While major helmet makers continue to incorporate new tech to boost rider safety like variations on MIPS, materials like Koroyd, extended rear occipital coverage & smart crash sensors like ANGi, the basic half-shell road bike helmet remains mostly unchanged. Now a French designer’s new Ventoux concept reimagines how enduro full-face protection could be adapted for light, even aero road use as well…
Ventoux aero full-face road bike helmet concept

A product of the imagination of young French designer Jean-Baptiste Petricoul, the Ventoux aero hybrid protection full-face road bike helmet is meant to blend the best of lightweight, multi-purpose road helmets with the extra protection of full-face gravity lids. Road, cross-country, and even urban helmets have resisted the chin bar – probably most because of the added complication, extra weight, and inconvenience of their closed-in designs. Petricoul imagines that with modern materials, a hybrid solution between open & full-face designs could offer the best of both worlds.
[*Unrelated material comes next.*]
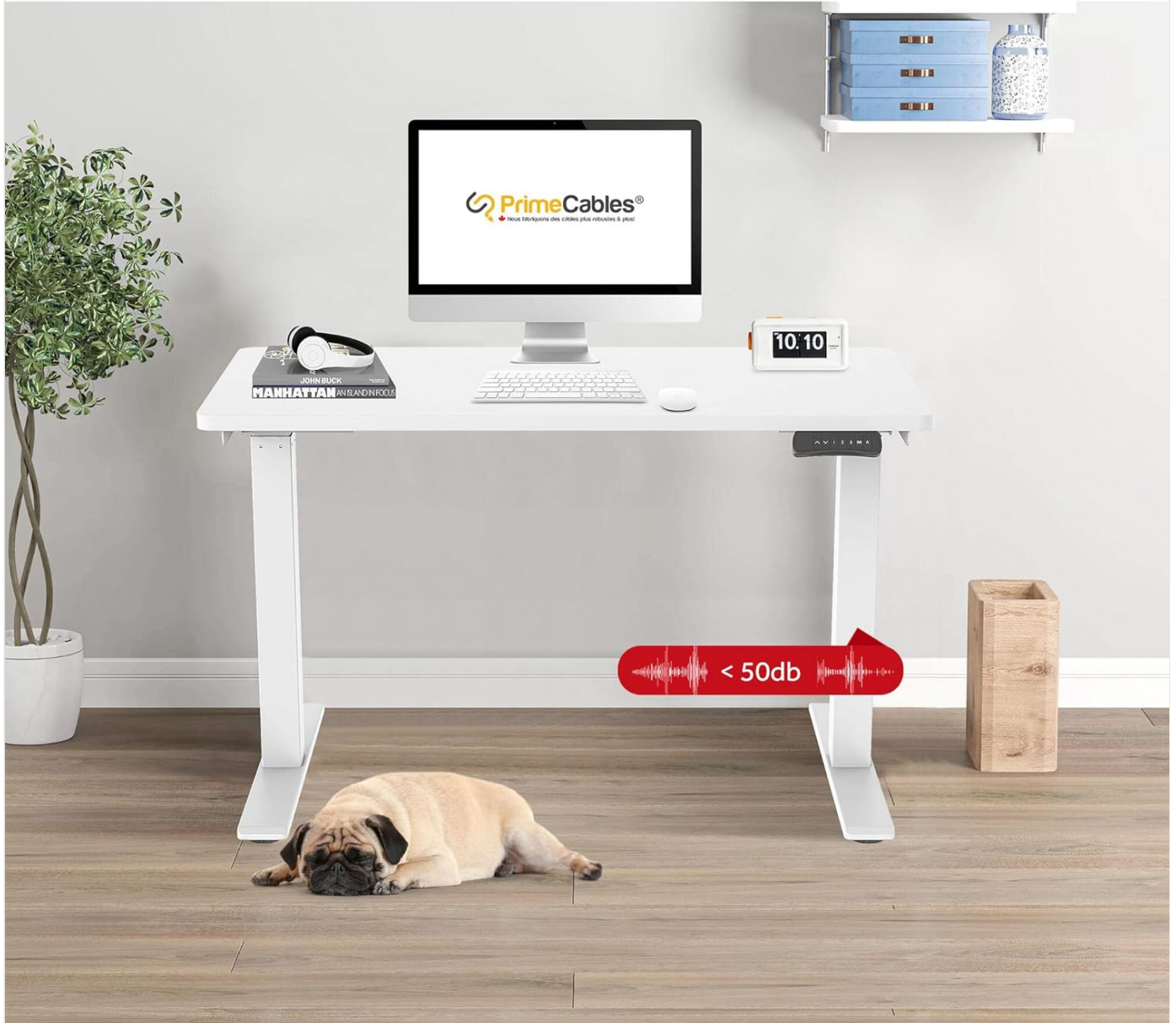
Image: A PrimeCables standing desk with a computer setup and a pug resting underneath, emphasizing its ultra-silent operation (less than 50dB).

The heart of the Ventoux aero hybrid protection helmet is a multi-layered construction, and a lightweight removable chin bar. Much like some modern light enduro helmets, the Ventoux chin bar could be attached at four points into the main EPS foam body & polycarbonate shell of the helmet to distribute impact forces to the front of the face. Petricoul’s design relies on a stiff chin bar with either a metal or carbon composite construction – designed to somewhat limit sliding on your face in a crash. The design is much more open than conventional mountain bike full face helmets, so as to not impede ventilation, visibility, or the ability to eat or drink with the helmet.
Equally important in the design is an inner shell of the helmet that would incorporate padding, chin straps, and fit retention – rotating in the manner of a MIPS liner to allow the low chin protection to rotate up in the event of a crash. Presumably this could prevent neck injury from rotation or include a break away feature as well?